[WHAT IS BEING ASKED]
Look below for the line that contains "Add a distinctive", then quote it and all the lines after it, exactly, with the pictures left out.

[DATA PROVIDED]
= Beginning of Section =
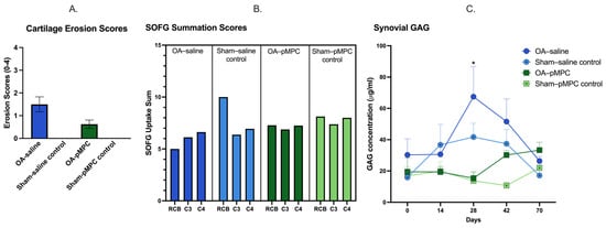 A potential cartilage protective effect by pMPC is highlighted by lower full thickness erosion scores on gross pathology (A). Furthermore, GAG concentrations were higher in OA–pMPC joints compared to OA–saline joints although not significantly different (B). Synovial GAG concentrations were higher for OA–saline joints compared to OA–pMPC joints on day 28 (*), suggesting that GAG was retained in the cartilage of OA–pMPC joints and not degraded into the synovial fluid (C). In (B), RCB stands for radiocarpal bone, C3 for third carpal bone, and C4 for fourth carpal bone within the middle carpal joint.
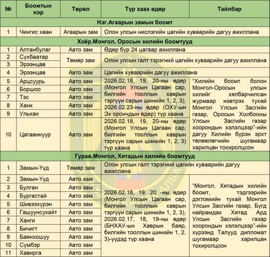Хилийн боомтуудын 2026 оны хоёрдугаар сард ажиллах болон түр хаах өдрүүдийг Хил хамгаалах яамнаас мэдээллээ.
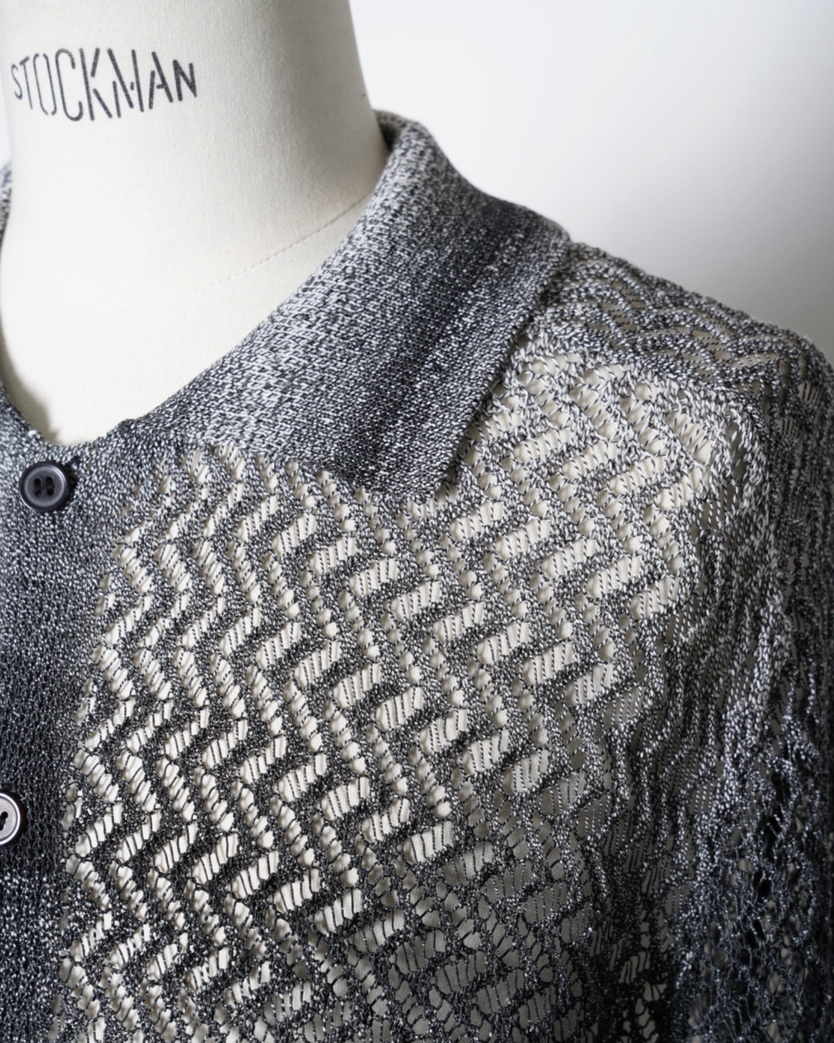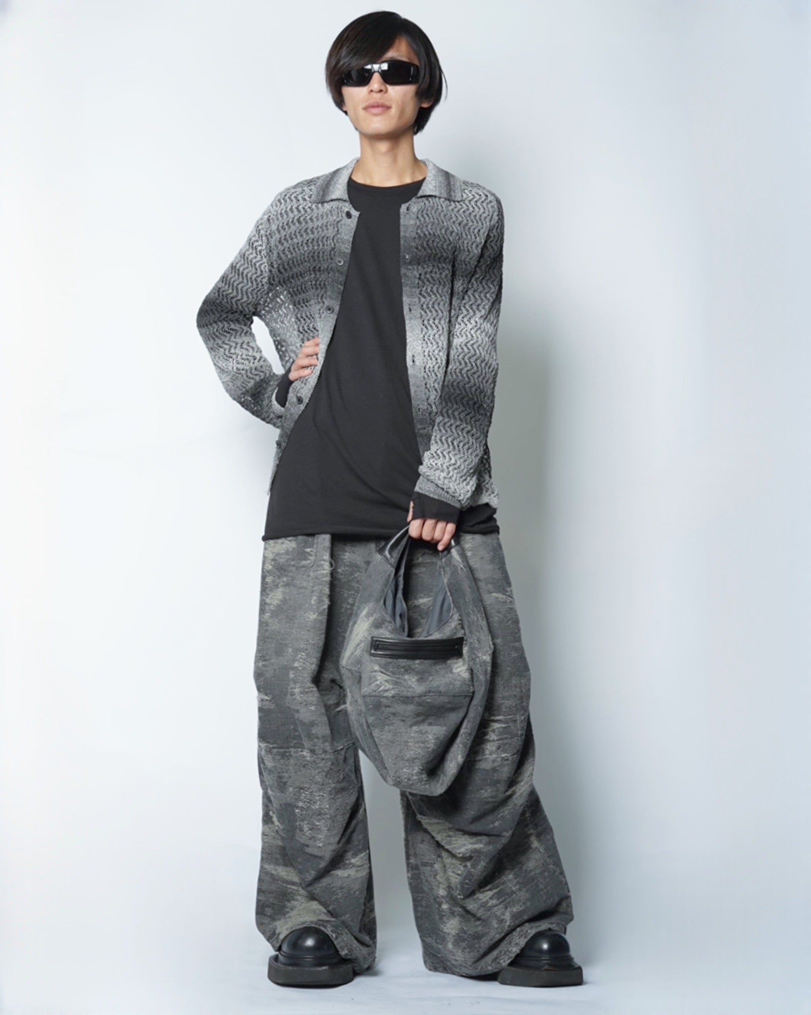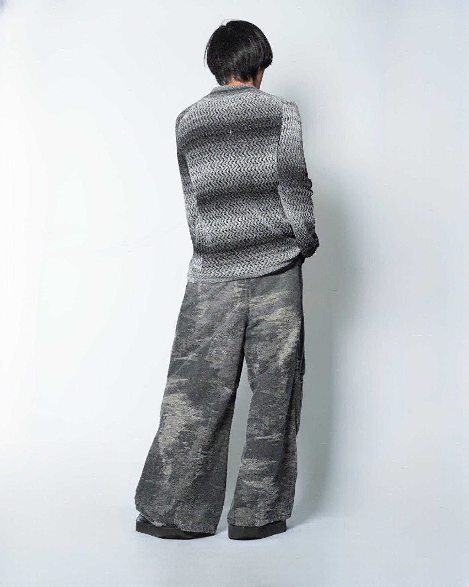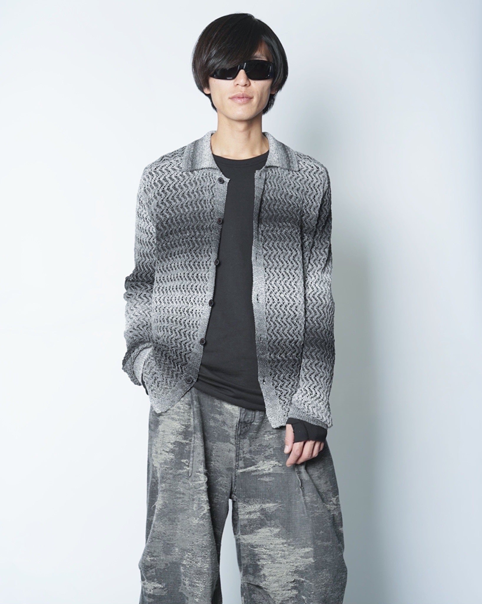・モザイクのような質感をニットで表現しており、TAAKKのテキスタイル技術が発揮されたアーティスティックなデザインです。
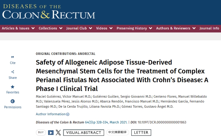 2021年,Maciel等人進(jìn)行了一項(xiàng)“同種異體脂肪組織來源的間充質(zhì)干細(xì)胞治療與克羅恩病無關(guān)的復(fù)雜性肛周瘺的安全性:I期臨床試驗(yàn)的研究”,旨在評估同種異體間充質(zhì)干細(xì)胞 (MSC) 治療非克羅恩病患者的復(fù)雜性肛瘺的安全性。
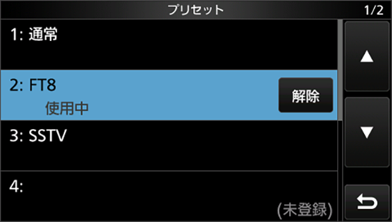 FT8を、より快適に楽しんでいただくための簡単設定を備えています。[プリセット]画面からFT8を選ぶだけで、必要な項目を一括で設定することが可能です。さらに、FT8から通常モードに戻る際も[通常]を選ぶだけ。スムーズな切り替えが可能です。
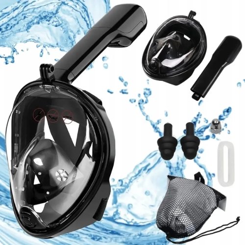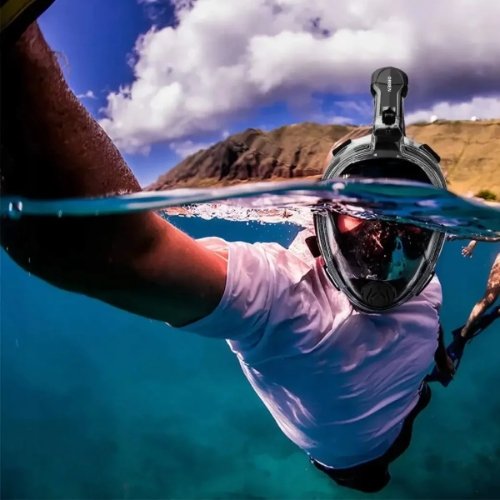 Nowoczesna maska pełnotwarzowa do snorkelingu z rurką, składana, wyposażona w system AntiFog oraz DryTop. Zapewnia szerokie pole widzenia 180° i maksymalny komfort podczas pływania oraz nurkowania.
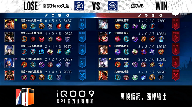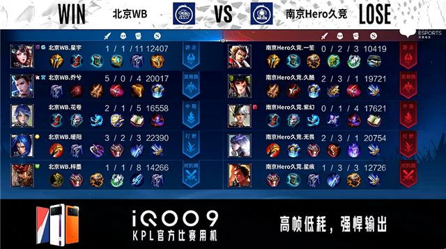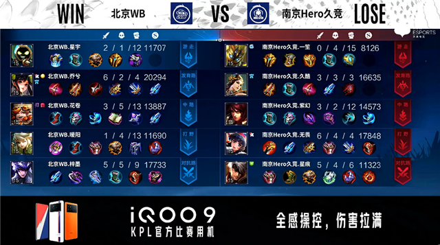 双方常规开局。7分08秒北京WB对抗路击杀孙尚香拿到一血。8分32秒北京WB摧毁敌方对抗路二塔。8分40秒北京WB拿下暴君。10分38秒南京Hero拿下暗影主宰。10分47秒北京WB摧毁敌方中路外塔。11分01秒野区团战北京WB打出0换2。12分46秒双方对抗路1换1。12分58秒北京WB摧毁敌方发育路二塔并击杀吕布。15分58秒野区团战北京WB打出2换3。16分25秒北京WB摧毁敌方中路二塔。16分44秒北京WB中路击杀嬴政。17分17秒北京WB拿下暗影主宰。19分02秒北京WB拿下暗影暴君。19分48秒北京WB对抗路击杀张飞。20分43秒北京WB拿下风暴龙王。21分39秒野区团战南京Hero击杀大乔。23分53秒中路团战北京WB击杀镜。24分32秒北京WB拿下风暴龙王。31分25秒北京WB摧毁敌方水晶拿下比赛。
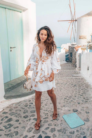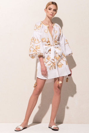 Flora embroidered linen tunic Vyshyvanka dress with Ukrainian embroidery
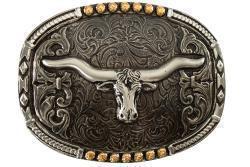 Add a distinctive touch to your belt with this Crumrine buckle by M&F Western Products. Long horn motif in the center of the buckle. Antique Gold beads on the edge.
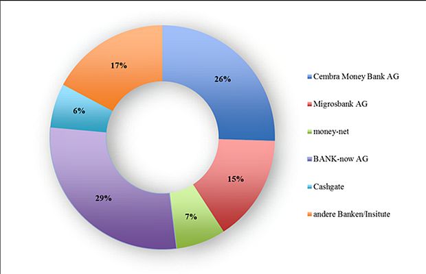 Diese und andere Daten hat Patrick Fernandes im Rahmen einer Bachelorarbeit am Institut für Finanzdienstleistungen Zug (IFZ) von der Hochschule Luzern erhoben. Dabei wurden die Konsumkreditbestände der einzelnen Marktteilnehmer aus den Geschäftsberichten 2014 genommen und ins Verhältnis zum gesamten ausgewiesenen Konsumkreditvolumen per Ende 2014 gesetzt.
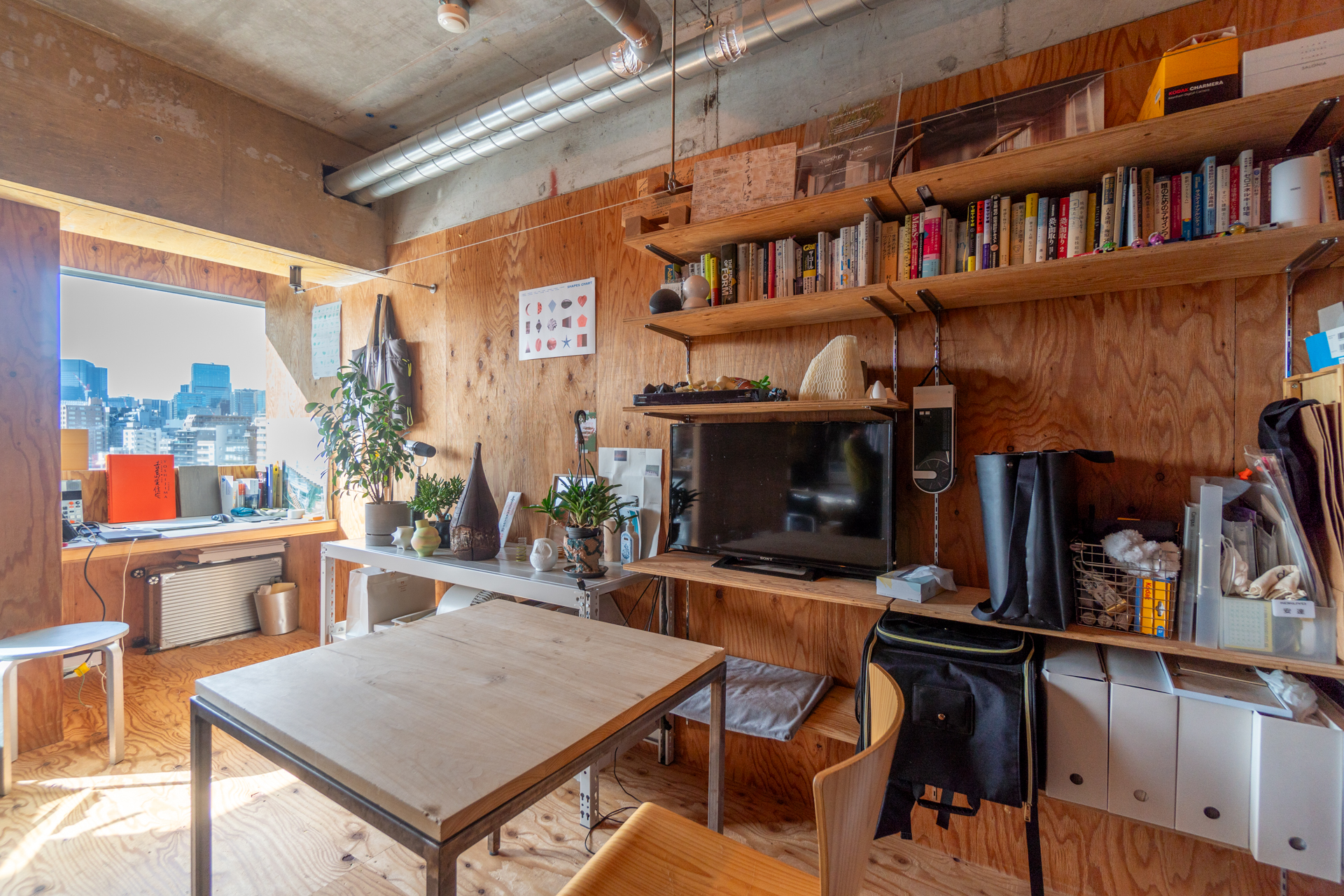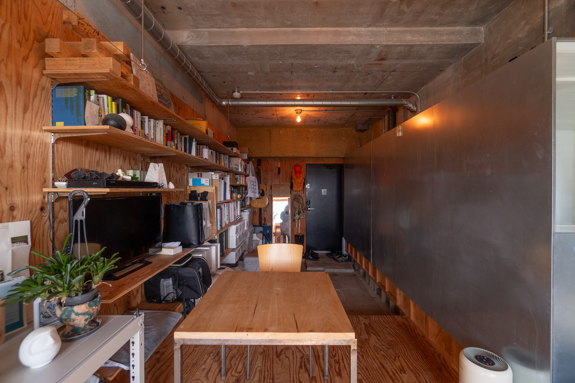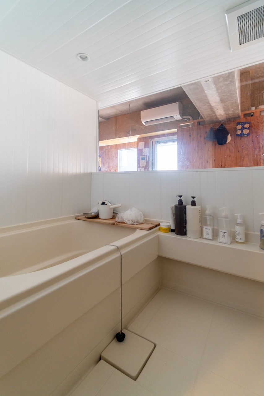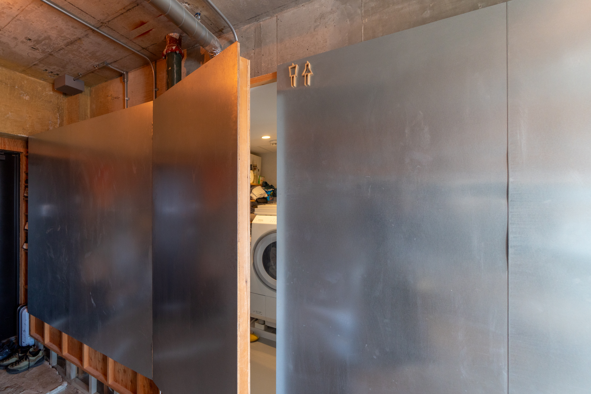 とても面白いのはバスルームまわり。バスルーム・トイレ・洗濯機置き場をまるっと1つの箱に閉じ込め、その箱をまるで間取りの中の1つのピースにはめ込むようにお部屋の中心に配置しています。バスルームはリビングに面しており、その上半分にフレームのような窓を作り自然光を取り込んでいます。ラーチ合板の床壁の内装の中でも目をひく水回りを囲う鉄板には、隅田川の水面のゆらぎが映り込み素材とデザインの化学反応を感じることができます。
= End of Section =
[OUTPUT]
 Add a distinctive touch to your belt with this Crumrine buckle by M&F Western Products. Long horn motif in the center of the buckle. Antique Gold beads on the edge.
 Diese und andere Daten hat Patrick Fernandes im Rahmen einer Bachelorarbeit am Institut für Finanzdienstleistungen Zug (IFZ) von der Hochschule Luzern erhoben. Dabei wurden die Konsumkreditbestände der einzelnen Marktteilnehmer aus den Geschäftsberichten 2014 genommen und ins Verhältnis zum gesamten ausgewiesenen Konsumkreditvolumen per Ende 2014 gesetzt.
 とても面白いのはバスルームまわり。バスルーム・トイレ・洗濯機置き場をまるっと1つの箱に閉じ込め、その箱をまるで間取りの中の1つのピースにはめ込むようにお部屋の中心に配置しています。バスルームはリビングに面しており、その上半分にフレームのような窓を作り自然光を取り込んでいます。ラーチ合板の床壁の内装の中でも目をひく水回りを囲う鉄板には、隅田川の水面のゆらぎが映り込み素材とデザインの化学反応を感じることができます。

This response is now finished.